The quickest way to spoil a good converter is sloppy analogue hygiene. Even with the right bit depth and sample rate, poor wiring, a noisy reference, or ground loops will add jitter and error. Treat the path from sensor to ADC like a delicate instrument: keep it short, quiet, band‑limited, and referenced to a clean ground and `V_ref`. This is where accurate “how to convert analogue to digital” turns into repeatable results.

- **Grounding:** Use a single‑point (star) ground; return the sensor ground near the ADC ground. Keep analogue and digital currents separate to avoid ground bounce.

- **Reference care:** Keep `V_ref` stable and quiet; decouple close to the pin.
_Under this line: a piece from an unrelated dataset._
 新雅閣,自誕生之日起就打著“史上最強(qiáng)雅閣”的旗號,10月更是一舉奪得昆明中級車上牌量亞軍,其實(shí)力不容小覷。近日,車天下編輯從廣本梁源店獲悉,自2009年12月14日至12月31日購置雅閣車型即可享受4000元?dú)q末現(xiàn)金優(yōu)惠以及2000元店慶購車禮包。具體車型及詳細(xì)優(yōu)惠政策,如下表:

With ratiometric sensors, using their supply as `V_ref` cancels supply variation.

- **Filtering:** Add an RC low‑pass before the ADC as an anti‑alias filter; set its cutoff below your bandwidth of interest.

- **Source impedance:** Ensure the sensor/divider can drive the ADC’s sample‑and‑hold; buffer high‑impedance sources with an op‑amp.
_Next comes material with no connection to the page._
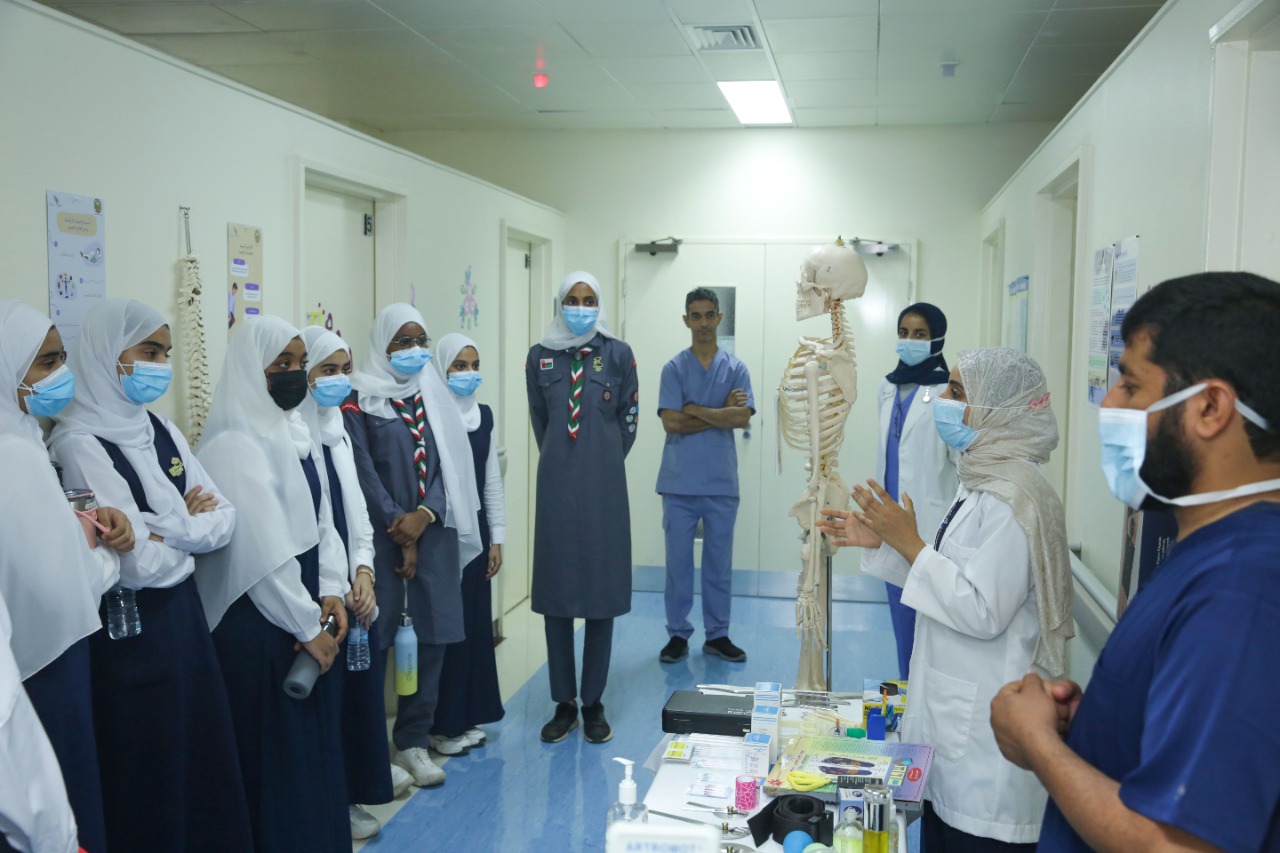 كذلك تم توزيع نشرات ورقية وإلكترونية لهم وتم استضافة عدد 80 طالبا من الصف العاشر والحادي عشر من أربع مدارس منها مدرستين للبنين ومدرستين للبنات.

- **Cabling and layout:** Short runs, twisted pair for low‑level signals, keep away from PWM/motor traces; shielded cable with the shield grounded at one end.

- **Sampling hygiene:** Discard the first reading after channel switches; average or oversample multiple reads to reduce noise; decouple supplies near the MCU/ADC.
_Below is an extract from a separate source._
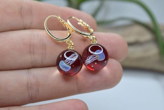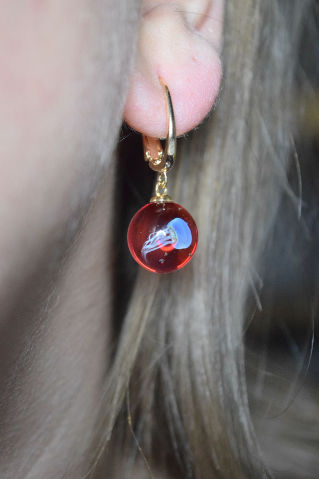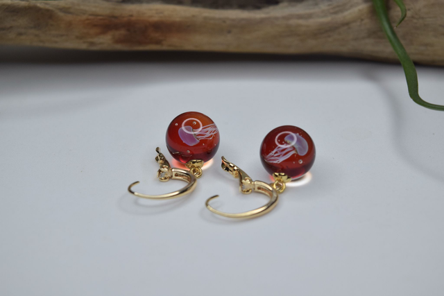 DORMEUSES MÉDUSE ROUGE MONTURE OR

## From codes to volts: formulas, calibration, and examples

Once you’ve sampled and encoded, turning ADC codes into real‑world volts is a straight conversion. For a unipolar `n`‑bit ADC with reference `V_ref`, the step size is `LSB = V_ref / 2^n` and the ideal transfer is `V_in ≈ code × V_ref / (2^n − 1)`. Because readings are ratiometric to `V_ref`, the absolute accuracy depends on your reference’s tolerance and noise; quantisation adds about ±0.5 LSB uncertainty.

- **Quick examples:**
  - 10‑bit Arduino at `V_ref = 3.3 V`, `code = 512` → `V ≈ 512 × 3.3 / 1023 ≈ 1.65 V`.
  - 10‑bit Arduino at `V_ref = 5.0 V`, `code = 334` → `V ≈ 334 × 5 / 1023 ≈ 1.63 V`.
  - 12‑bit, `V_ref = 5.0 V` → `LSB ≈ 5 / 4096 ≈ 1.22 mV`.

- **Two‑point calibration (recommended):**
  1. Apply a known low voltage `V1`, record `c1`. Apply a known high voltage `V2`, record `c2`.
  2. Compute `m = (V2 − V1) / (c2 − c1)` and `b = V1 − m × c1`.
  3. Convert future readings with `V ≈ m × code + b`. Average multiple samples to reduce noise.

- **Tip:** With ratiometric sensors, use the sensor’s supply as `V_ref` so supply drift cancels in the ratio.

## Choosing the right ADC or microcontroller for your project

Start with what the signal demands: how fast it changes (bandwidth) and how finely you need to resolve it (resolution/LSB). Those two answers steer you to the right architecture and whether the microcontroller’s built‑in ADC is enough or you need an external converter with a cleaner reference, lower noise, or higher speed.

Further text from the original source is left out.